Кухня располагалась на прежнем месте. На столе были видны следы недавнего чаепития – неубранные чашки, небрежно накрытые полотенцем лакомства. Зато самовар ещё не остыл. Александр сам сгрёб всё лишнее со скатерти, налил чаю в чистую посуду.

– А где Таша?

– Они с Парашей увели детей отдыхать после обеда. Возможно, позже она освободится. Так ты ко мне или к ней?

– Я к вам обоим. – Митя помялся, потянулся за пирожком. Заготовленные слова вылетели у него из головы.

– А как же деловое предложение?

– Точно. Давай с этого и начнём. Саша, тебе нужно переезжать в Томск. Этим сезоном будешь руководить ты.

Пушкин аж выронил из руки ложечку.

– А ты?

– А я на днях подпишу передачу своей доли в компании тебе. Двадцать лет мои истекают.

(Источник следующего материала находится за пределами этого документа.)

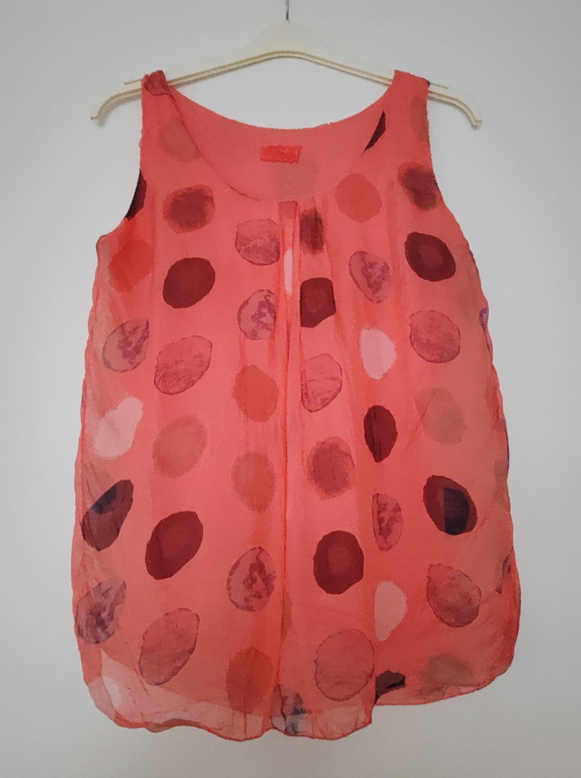 Lahke tielko - bluzka bez rukavou, padavy neelasticky material, nieco ako sifon, jemne nariasenia, dlzka 65 cm, sirka prsia 48cm.
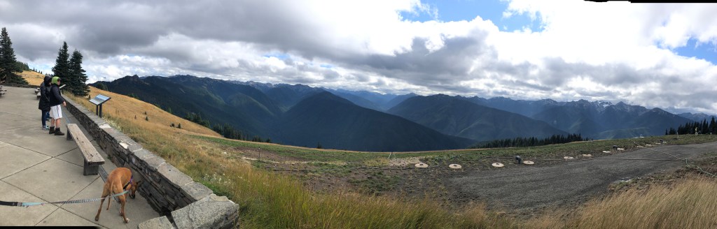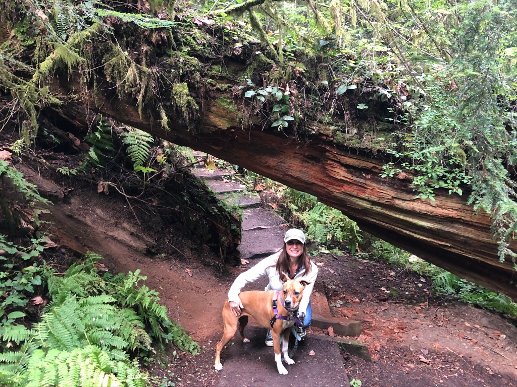 We had ventured beyond Seattle, to the farthest reaches of the Pacific Northwest, for one reason – Olympic National Park! We started our tour with a short, but very scenic, hike near the Park Visitor Center close to Port Angeles. We had done some research, and this was one of only a handful of dog-friendly hikes in the park.
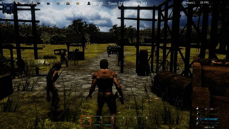 武器:有骨刀、新手棍棒、骨俱乐部、木矛、木弓、铁皮匕首、矮人弓、铁矛、铁皮剑、生锈的剑、长剑、维京斧、维京剑、大锤、Cross、部落刀、黑甲斧、骑士剑、钢锤、影刃等。
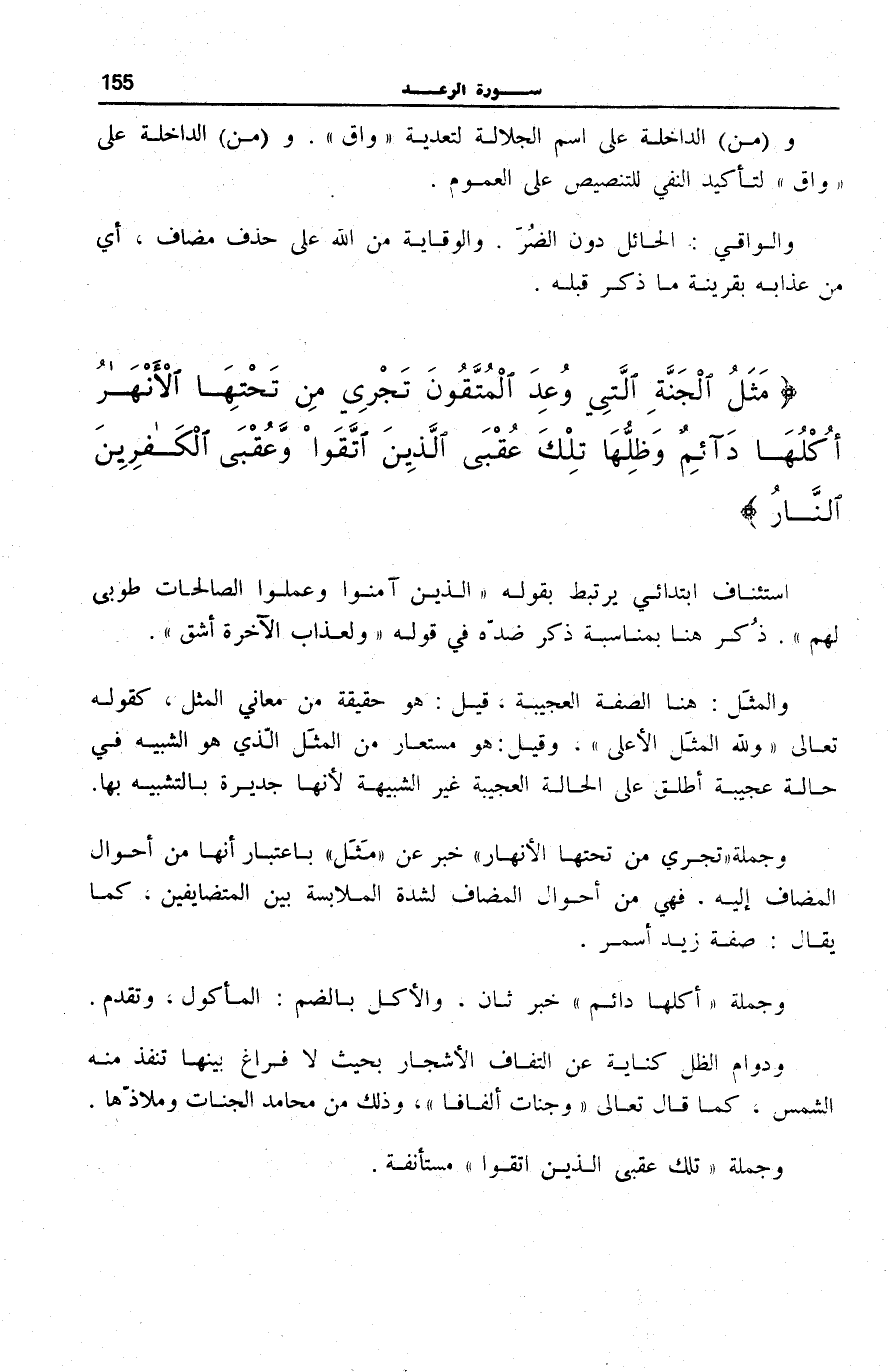 مَثَلُ الْجَنَّةِ الَّتِي وُعِدَ الْمُتَّقُونَ تَجْرِي مِنْ تَحْتِهَا الْأَنْهارُ أُكُلُها دائِمٌ وَظِلُّها تِلْكَ عُقْبَى الَّذِينَ اتَّقَوْا وَعُقْبَى الْكافِرِينَ النَّارُ (35)

– Двадцать лет? Какие двадцать лет? – не сразу понял Александр. Потом догадался и помрачнел. Посидел с минуту молча. Затем сказал: – Прости, Митя, я радоваться за тебя должен. Уедешь?

– Уеду. В июле. Вам оставляю дом и сад. Всё оставляю. Мы с Лизой так решили. Тебе всё равно в город пора перебираться – Сашке двенадцать лет, Гришке скоро одиннадцать. Мальчишкам учиться надо, а ты в деревне их держишь. И гувернёров у тебя нет, одна Прасковья на всех.

– Таша сама занимается…

– Ну вот и освободишь Натали. Ей и малышей хватит. К осени, Бог даст, и Машу в женскую гимназию отдадите. И тебе из города дела вести сподручнее будет.

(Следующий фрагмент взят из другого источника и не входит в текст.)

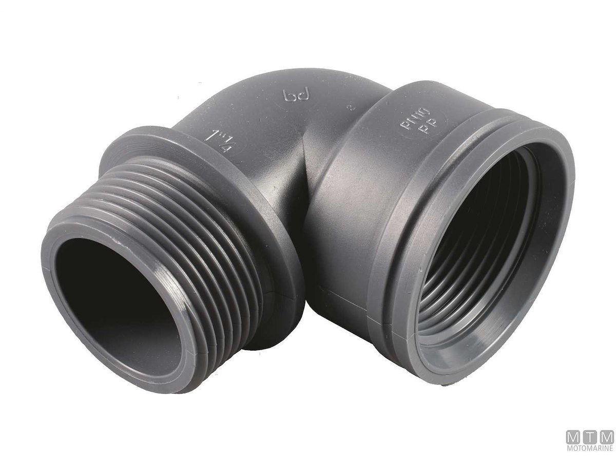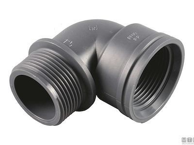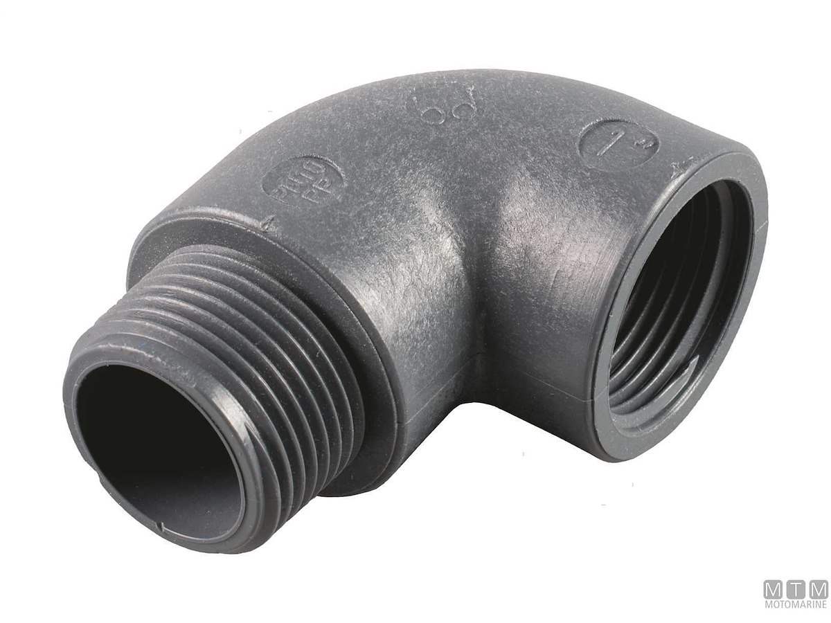 Gomito F-M in Polipropilene composito caricato con fibre di vetro. Tenuta superiore del filetto e della pressione, resistente all'abrasione, all'usura, esente da corrosione chimica e galvanica. Idoneo per passaggio acqua dolce a norma CE 10/2011 e DM174/2004. Pressione di esercizio 10 bar a max 100°C.
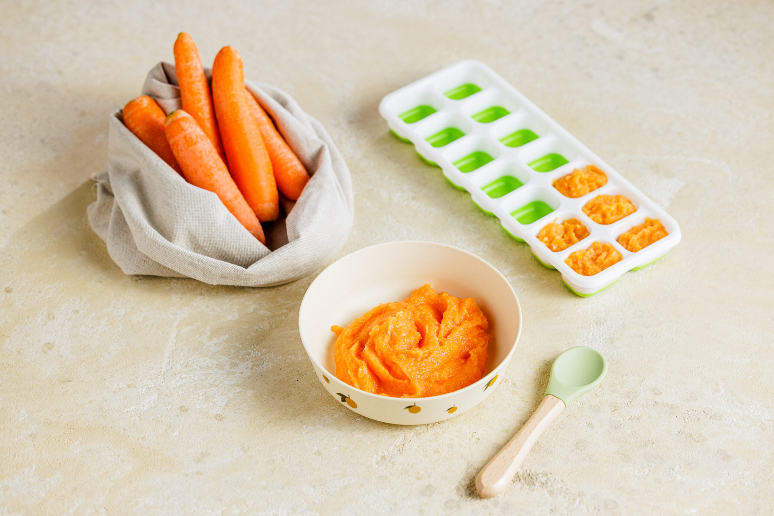 En Suisse, on commence généralement par une purée de légumes, souvent de carottes. Il est important d'introduire un seul aliment à la fois, afin de pouvoir détecter d'éventuelles intolérances ou allergies. Il est aussi important de donner le même aliment le lendemain et le surlendemain. On peut ensuite ajouter un nouvel aliment, comme la pomme de terre. Trois jours plus tard, vous pouvez ajouter de la viande aux carottes et aux pommes de terre.

Пушкин задумчиво пожевал губу.

– Федот знает?

– Нет, я тебе первому.

– Надо с ним это всё решать. Возможно, он захочет часть доли у тебя выкупить. Соглашайся, тебе деньги в России понадобятся, у тебя же тоже жена и дети. И за дом я рассчитаюсь – есть кое-что в запасе. Не знаю только, что скажет Таша.

Натали, увидев брата и узнав новости, расплакалась, как девчонка.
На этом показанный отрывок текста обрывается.